In order to help children who have experienced the trauma of abuse and neglect, SCAN uses play therapy in our work with children. Play therapy builds on the normal communicative and learning processes of children. As Mental Health Program Coordinator Lisa Wright says, “Playing is really the language of children. It’s how children want to express themselves.”


SCAN offers ongoing intensive mental health treatment for children at both the Child Advocacy Center (CAC) and the Circle Preschool Program (CPP).  In addition to play therapy, SCAN offers art therapy, sand tray therapy and other expressive therapies for children.


In both programs, the play therapy rooms and the classroom offer sets of culturally diverse figures and other toys that can form a variety of feelings children want to express. When children play with these toys, says Lisa, they are often playing in a metaphor and therapists take note and help the children express their feelings.


“When they walk into our play therapy rooms,” said Lisa, “The look on their face says a lot. They see this whole arrangement of toys and it’s such a sense of relief. When they think of counseling, it’s a hard place to be, but kids enjoy coming to SCAN for therapy because it’s a great way to express themselves however they need to.”


One of the favorite art therapy projects therapists use involves a paper maché mask.  Many older girls who come in for therapy at the CAC will paint the outside of the mask how the outside world sees them and then paint the inside of the mask about how they really feel.


At the CPP, one client was punished by her mother who put her in a bath of bleach. Both her hair and legs were severely burned from this. She was not only abused, but very neglected by her mom. During her first few days at the preschool, she would go right to the baby dolls and doll houses. She acts out taking care of the dolls, which expresses her need to be nurtured. She also uses the bathtub in the doll houses to act out her abuse.


The preschool staff also use the playground as a part of students’ play therapy. This preschooler in particular would climb to the top of the slide as if it were a castle. She would pretend she was a princess and she was on fire. She would shout to be rescued by a prince. One of our early childhood education specialists would rescue her. The staff correlate the “prince” to her father who really helped “rescue” her from her mother.
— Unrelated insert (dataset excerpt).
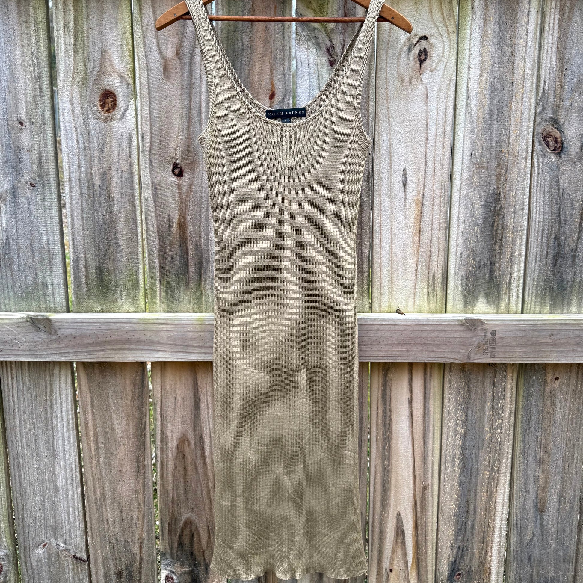 A true Black Label piece — Ralph Lauren’s former luxury line, originally priced in the four-figure range. It has that refined 90s minimalism designers keep sending down winter runways: a sculpting rib knit, a subtle metallic sheen, and a silhouette that does all the work without any extra styling.

“Our main job is to participate in what the children are doing, witness what they are showing us, and help interpret their feelings for them,” Lisa said. “We often help to say their emotions out loud for them. But we are always careful not to put meaning to actions that they don’t have. Ultimately, we want them to be able to verbalize what’s inside of them. “


Lisa says they know play, art and other expressive therapies are effective at the CAC and the CPP is because they continually see the symptoms of abuse or neglect reduce. For example, she said one of the children she had been working with had nightmares every night. Within two weeks of play therapy, his mother was recording no nightmares and no waking up at night.


“I can’t imagine how I could help these children this much without play items, art items and toys,” Lisa said.